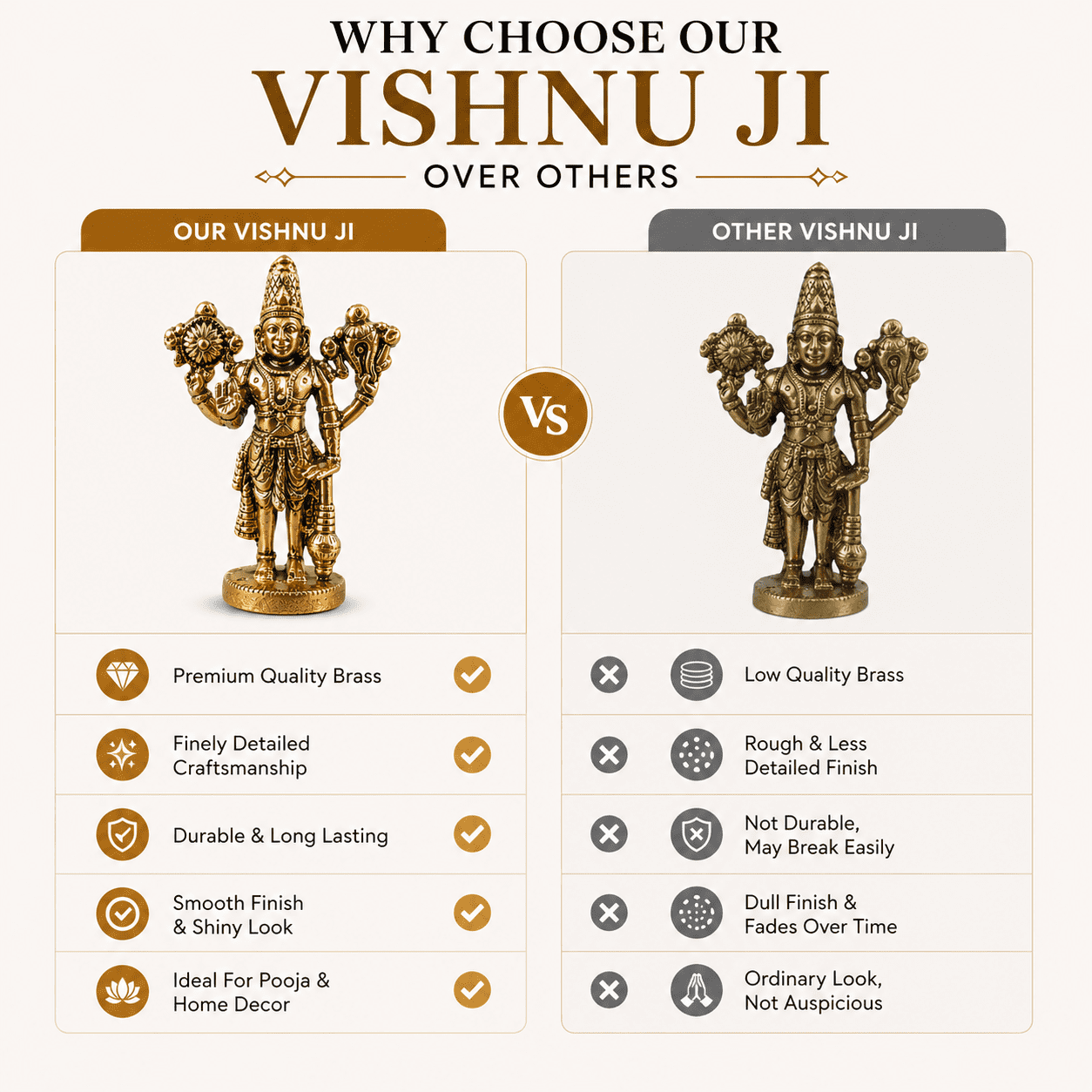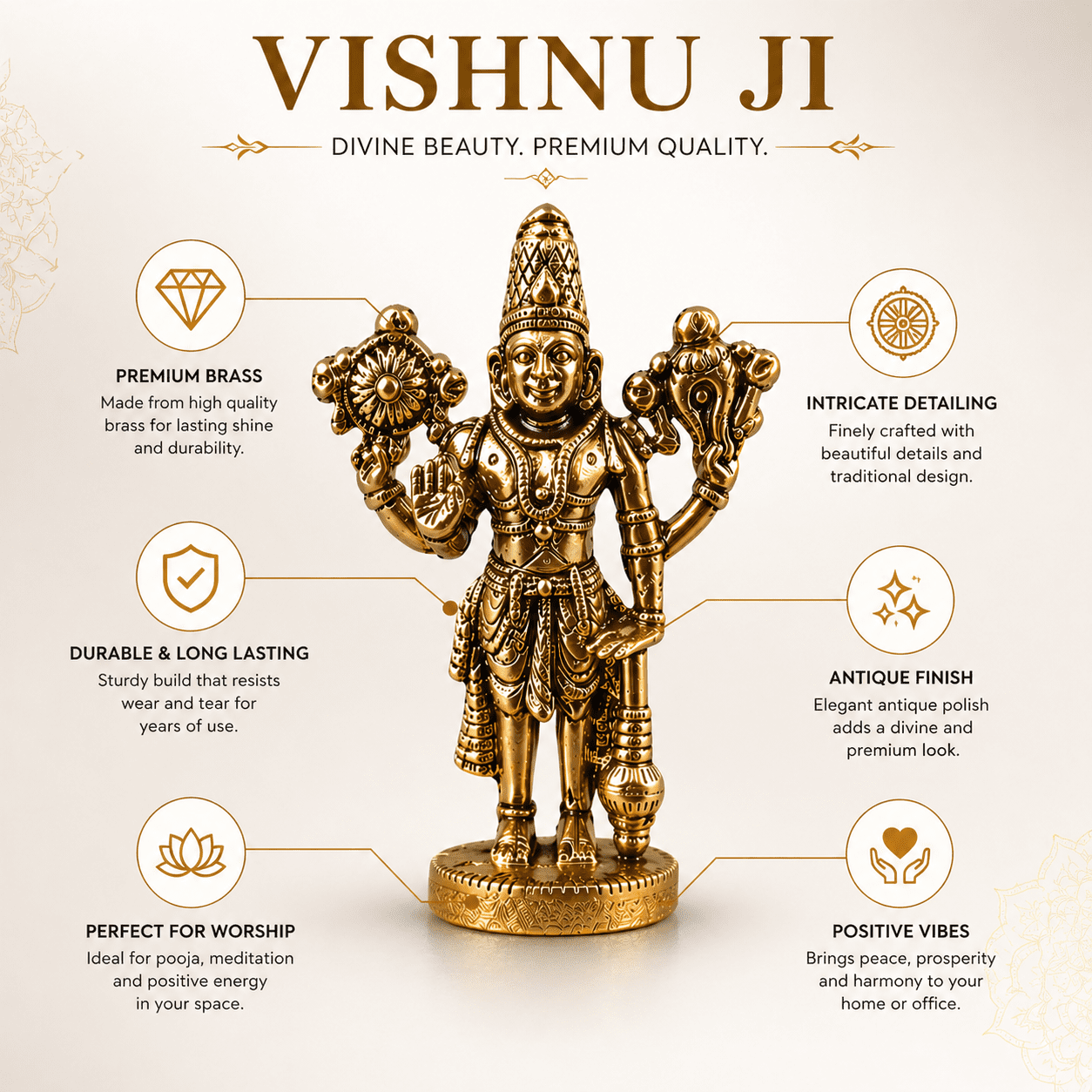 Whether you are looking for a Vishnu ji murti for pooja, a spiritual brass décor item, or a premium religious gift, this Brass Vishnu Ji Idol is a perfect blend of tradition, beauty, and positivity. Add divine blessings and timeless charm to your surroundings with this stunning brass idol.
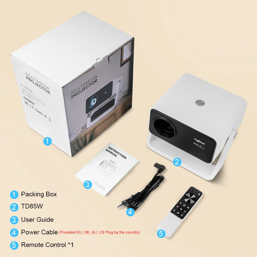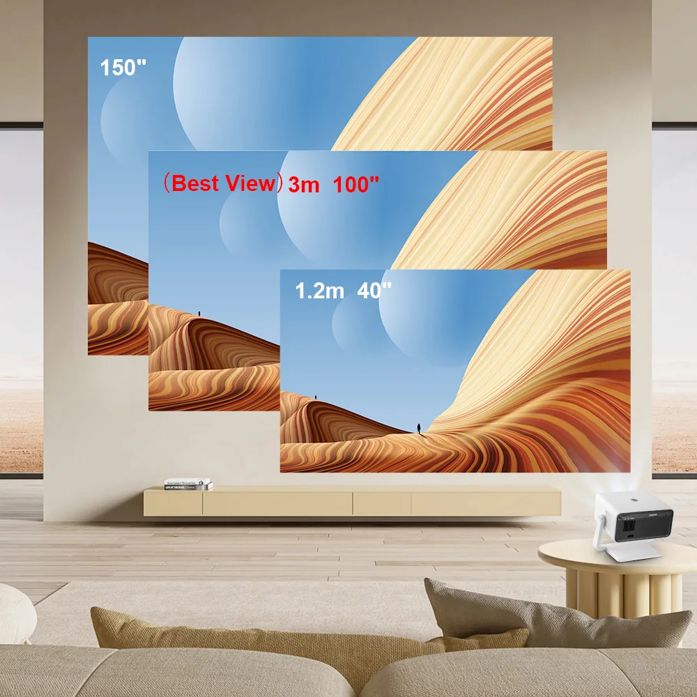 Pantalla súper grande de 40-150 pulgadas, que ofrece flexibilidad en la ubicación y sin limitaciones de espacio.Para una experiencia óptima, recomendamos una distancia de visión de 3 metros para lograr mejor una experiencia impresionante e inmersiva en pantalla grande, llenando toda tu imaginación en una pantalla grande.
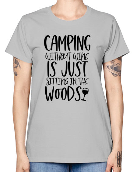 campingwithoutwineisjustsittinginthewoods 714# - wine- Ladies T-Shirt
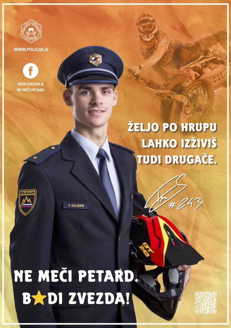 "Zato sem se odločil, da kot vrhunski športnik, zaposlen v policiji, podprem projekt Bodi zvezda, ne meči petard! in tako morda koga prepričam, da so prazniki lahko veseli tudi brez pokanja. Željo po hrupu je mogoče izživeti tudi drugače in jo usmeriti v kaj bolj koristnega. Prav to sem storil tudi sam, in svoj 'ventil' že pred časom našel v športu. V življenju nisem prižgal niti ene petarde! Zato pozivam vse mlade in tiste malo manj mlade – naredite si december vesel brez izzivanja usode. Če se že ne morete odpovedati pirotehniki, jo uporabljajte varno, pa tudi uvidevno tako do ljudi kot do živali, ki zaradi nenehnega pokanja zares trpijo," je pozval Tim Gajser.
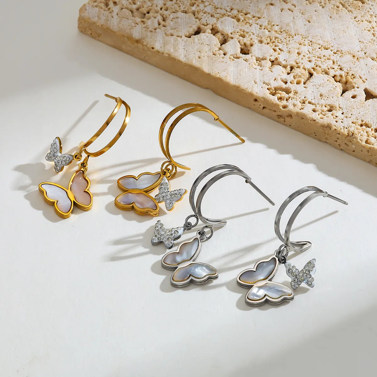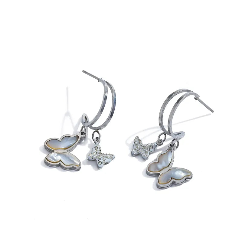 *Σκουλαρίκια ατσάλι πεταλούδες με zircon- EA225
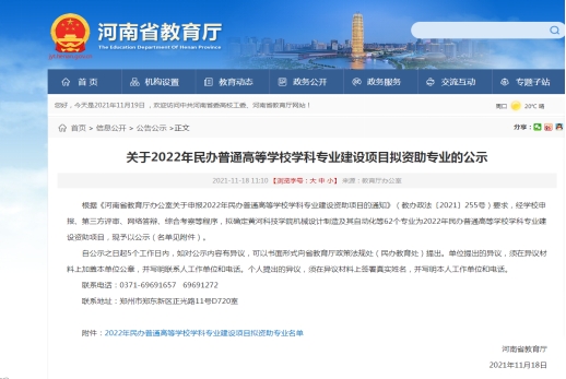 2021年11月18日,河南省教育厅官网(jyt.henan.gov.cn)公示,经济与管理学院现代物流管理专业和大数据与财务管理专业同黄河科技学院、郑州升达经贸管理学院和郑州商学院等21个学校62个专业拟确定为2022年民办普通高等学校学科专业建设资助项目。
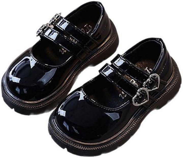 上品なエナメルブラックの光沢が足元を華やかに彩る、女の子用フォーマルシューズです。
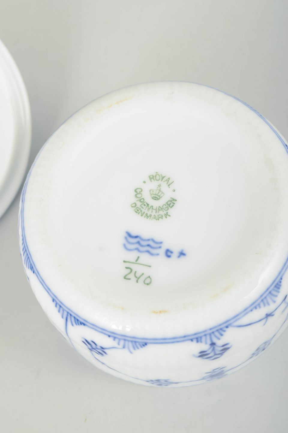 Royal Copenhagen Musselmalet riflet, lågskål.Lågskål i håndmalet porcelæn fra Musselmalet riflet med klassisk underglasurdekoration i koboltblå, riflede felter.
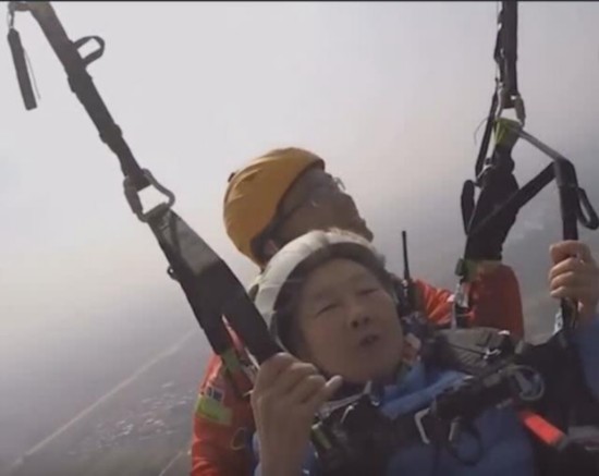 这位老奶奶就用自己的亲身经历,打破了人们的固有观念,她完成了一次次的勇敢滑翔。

=-=-=

_Assignment_.
Give back the material word for word, without images.

_Task response_.
 Whether you are looking for a Vishnu ji murti for pooja, a spiritual brass décor item, or a premium religious gift, this Brass Vishnu Ji Idol is a perfect blend of tradition, beauty, and positivity. Add divine blessings and timeless charm to your surroundings with this stunning brass idol.
 Pantalla súper grande de 40-150 pulgadas, que ofrece flexibilidad en la ubicación y sin limitaciones de espacio.Para una experiencia óptima, recomendamos una distancia de visión de 3 metros para lograr mejor una experiencia impresionante e inmersiva en pantalla grande, llenando toda tu imaginación en una pantalla grande.
 campingwithoutwineisjustsittinginthewoods 714# - wine- Ladies T-Shirt
 "Zato sem se odločil, da kot vrhunski športnik, zaposlen v policiji, podprem projekt Bodi zvezda, ne meči petard! in tako morda koga prepričam, da so prazniki lahko veseli tudi brez pokanja. Željo po hrupu je mogoče izživeti tudi drugače in jo usmeriti v kaj bolj koristnega. Prav to sem storil tudi sam, in svoj 'ventil' že pred časom našel v športu. V življenju nisem prižgal niti ene petarde! Zato pozivam vse mlade in tiste malo manj mlade – naredite si december vesel brez izzivanja usode. Če se že ne morete odpovedati pirotehniki, jo uporabljajte varno, pa tudi uvidevno tako do ljudi kot do živali, ki zaradi nenehnega pokanja zares trpijo," je pozval Tim Gajser.
 *Σκουλαρίκια ατσάλι πεταλούδες με zircon- EA225
 2021年11月18日,河南省教育厅官网(jyt.henan.gov.cn)公示,经济与管理学院现代物流管理专业和大数据与财务管理专业同黄河科技学院、郑州升达经贸管理学院和郑州商学院等21个学校62个专业拟确定为2022年民办普通高等学校学科专业建设资助项目。
 上品なエナメルブラックの光沢が足元を華やかに彩る、女の子用フォーマルシューズです。
 Royal Copenhagen Musselmalet riflet, lågskål.Lågskål i håndmalet porcelæn fra Musselmalet riflet med klassisk underglasurdekoration i koboltblå, riflede felter.
 这位老奶奶就用自己的亲身经历,打破了人们的固有观念,她完成了一次次的勇敢滑翔。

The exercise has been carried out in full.